- ACTIVITY: Your answer should be the full data, transcribed exactly, with no pictures in it.

- EXERCISE DATA:
++++++

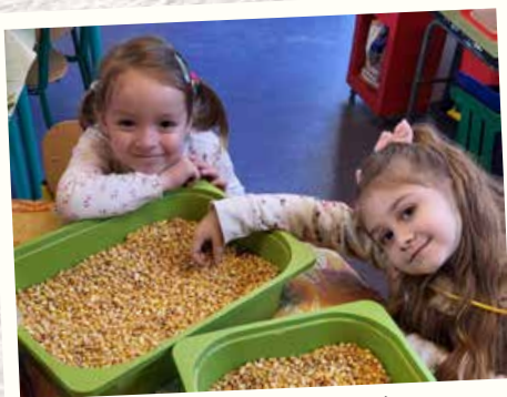
Ateliers sensoriels en maternelle
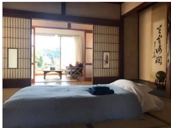
△小川町の民泊施設

一棟貸しの民泊でご家族やご友人とゆっくり過ごすこともできます。キッチンがあるので、小川町の野菜でお料理するのもおすすめです。

++++++

- RESPONSE:
Ateliers sensoriels en maternelle
△小川町の民泊施設

一棟貸しの民泊でご家族やご友人とゆっくり過ごすこともできます。キッチンがあるので、小川町の野菜でお料理するのもおすすめです。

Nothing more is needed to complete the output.